Wall Street doesn’t usually lie; it merely fails to tell the truth. The resulting deceptions cause their clients to suffer delusionary episodes at inopportune moments. Sometimes their clients mistake the very top of a bull market for a “deep value opportunity”; and sometimes they mistake a fraudulent earnings report for “a great growth play.”

These classic investment errors are not entirely Wall Street’s fault. But behind every major investment error you usually find at least one glossy research report. The Wall Street research machinery knows how to tell the kinds of happy stories that will elicit buy orders from gullible investors. And they keep telling these stories because gullible investors keep believing them.

Remember Enron? That was a happy story for many years…so was Boston Chicken…and Worldcom…and AIG…and Fannie Mae…and Lehman Bros. But these infamous disasters all featured a variety of sad truths in their financial statements, well before disaster struck their stock prices. A handful of insightful short-sellers made some money as these stocks collapsed, but gullible investors simply lost everything…or almost everything.

Accounting chicanery takes many different forms, but it always produces the identical result: deception.

Remember, we’re not talking about lying; we’re talking about not telling the truth. Lying is not usually legal; but not telling the truth is not usually illegal. Let’s consider a bit of chicanery that is unfolding right below our noses at this very moment: Many banks across the country are reporting a drop in non-performing loans (NPLs). That’s usually a sign that credit conditions are improving.

But this time around, falling NPLs sometimes has more to do with accounting games than with credit quality. Some banks are utilizing every accounting mechanism in their toolbox to move lousy loans into a loan category – any loan category – other than “NPL.”

The astute minds at M3 Funds, an investment management firm specializing in bank stocks, provide this worrisome observation:

“Much of the enthusiasm in the bank sector [is] based on perceived signs of a turning point in the credit cycle. However, in many cases, improvement in credit quality is the result of loan modifications, a financial sleight-of-hand tactic that only optically improves credit quality in the near-term.
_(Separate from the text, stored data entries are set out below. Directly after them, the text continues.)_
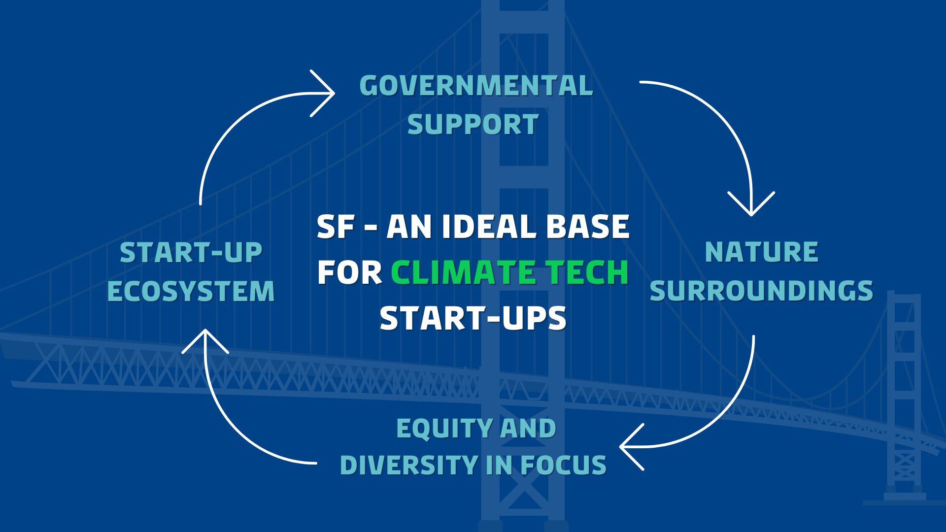 As mentioned earlier, San Francisco is not without its problems. Naturally, there are drawbacks to establishing a business in San Francisco, such as high costs of living and operating expenses, etc. However, when you combine San Francisco’s ideal start-up ecosystem, ambitious carbon-neutral goals, diverse talent, equity values, and incredible nature surroundings, the city has quickly become a frontrunner in the green transition and lays an exceptional foundation for establishing and scaling climate technology businesses. The Climate Action Plan sets the tone for the values of San Francisco, but what truly makes the difference are the diverse and motivated talents that are eager to find a solution towards a sustainable future.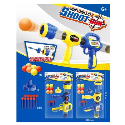Іграшкова помпова зброя 50 см з 6 м'якими кулями та 10 снарядами на присосці, в асортименті, у пакеті 53,5х22,5 см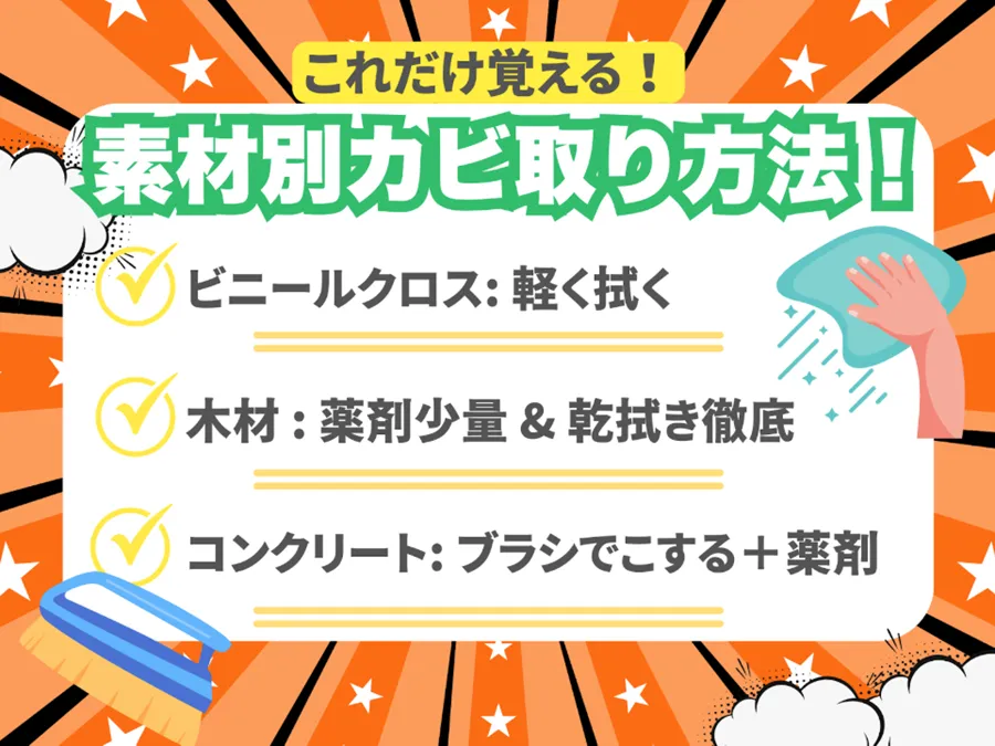壁の素材別カビ取り方法(クロス・木・コンクリートなど)

“A modified loan appears when a bank takes an existing loan on its balance sheet (often one that is no longer paying) and alters the terms to keep the borrower from defaulting. Modifications usually take the form of an extension, temporary below-market interest rate, or an interest-only grace period. They help banks delay collateral repossession, but in doing so only push problems down the road. In past cycles, the re-default rate on modified loans was more than 50%. Despite such a high failure rate, banks utilize modifications, in part, because they instantly improve credit, as most institutions do not classify a modified loan as nonperforming.

“Nowhere was this practice more evident than in the regional bank space…SunTrust Banks (STI) reported a 2.5% decline in non-performing loans (‘NPLs’) for the fourth quarter, and many analysts were quick to anoint this second consecutive quarter of improvement as an inflection point in the credit cycle. Consider though, that over the past two quarters, NPLs have declined by $101mm, but modified loans increased by $716mm! Still, shares of STI increased by 20% in January, despite losing $245 million for the quarter. TCF Financial (TCB) and Zions Bancorp (ZION) reported similar trends: modest increases in NPLs coupled with dramatically higher loan modifications…

“With negative trends in commercial loan quality beginning to develop and loan modifications being used as a temporary crutch, we believe the banking sector is still facing meaningful credit losses over the upcoming years…”

Beat the rush; sell bank stocks now.